With the pictures omitted, repeat exactly the lines below starting with the line that has "孤独自省の上に自らを高めつつ" and going on through the line that has "الموريتاني : نظّم".

AVAILABLE DATA ▸
--------------------

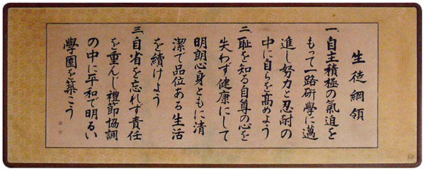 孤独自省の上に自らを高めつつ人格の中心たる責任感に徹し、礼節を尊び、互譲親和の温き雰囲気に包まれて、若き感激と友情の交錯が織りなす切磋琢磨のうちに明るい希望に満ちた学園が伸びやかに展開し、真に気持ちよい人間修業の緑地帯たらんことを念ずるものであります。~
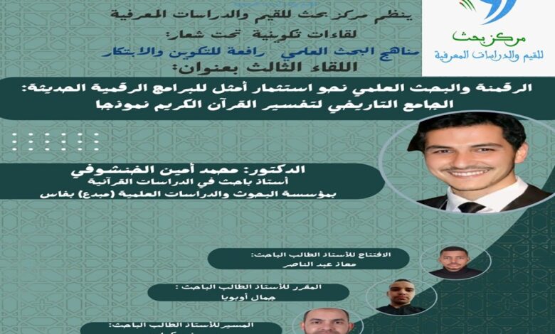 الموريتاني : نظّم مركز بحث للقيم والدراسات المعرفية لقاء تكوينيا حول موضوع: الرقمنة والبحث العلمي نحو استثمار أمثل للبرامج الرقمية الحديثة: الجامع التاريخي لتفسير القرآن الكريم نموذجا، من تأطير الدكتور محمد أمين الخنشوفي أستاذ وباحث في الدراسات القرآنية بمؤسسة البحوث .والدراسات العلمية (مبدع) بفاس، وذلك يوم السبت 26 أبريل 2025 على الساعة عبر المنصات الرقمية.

--------------------

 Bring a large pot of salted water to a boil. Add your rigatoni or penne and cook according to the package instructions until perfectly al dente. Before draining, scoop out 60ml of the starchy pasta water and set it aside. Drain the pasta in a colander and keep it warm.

--------------------

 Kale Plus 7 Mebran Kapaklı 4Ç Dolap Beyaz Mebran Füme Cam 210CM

--------------------

SOLVED PROBLEM ▸
 孤独自省の上に自らを高めつつ人格の中心たる責任感に徹し、礼節を尊び、互譲親和の温き雰囲気に包まれて、若き感激と友情の交錯が織りなす切磋琢磨のうちに明るい希望に満ちた学園が伸びやかに展開し、真に気持ちよい人間修業の緑地帯たらんことを念ずるものであります。~
 الموريتاني : نظّم مركز بحث للقيم والدراسات المعرفية لقاء تكوينيا حول موضوع: الرقمنة والبحث العلمي نحو استثمار أمثل للبرامج الرقمية الحديثة: الجامع التاريخي لتفسير القرآن الكريم نموذجا، من تأطير الدكتور محمد أمين الخنشوفي أستاذ وباحث في الدراسات القرآنية بمؤسسة البحوث .والدراسات العلمية (مبدع) بفاس، وذلك يوم السبت 26 أبريل 2025 على الساعة عبر المنصات الرقمية.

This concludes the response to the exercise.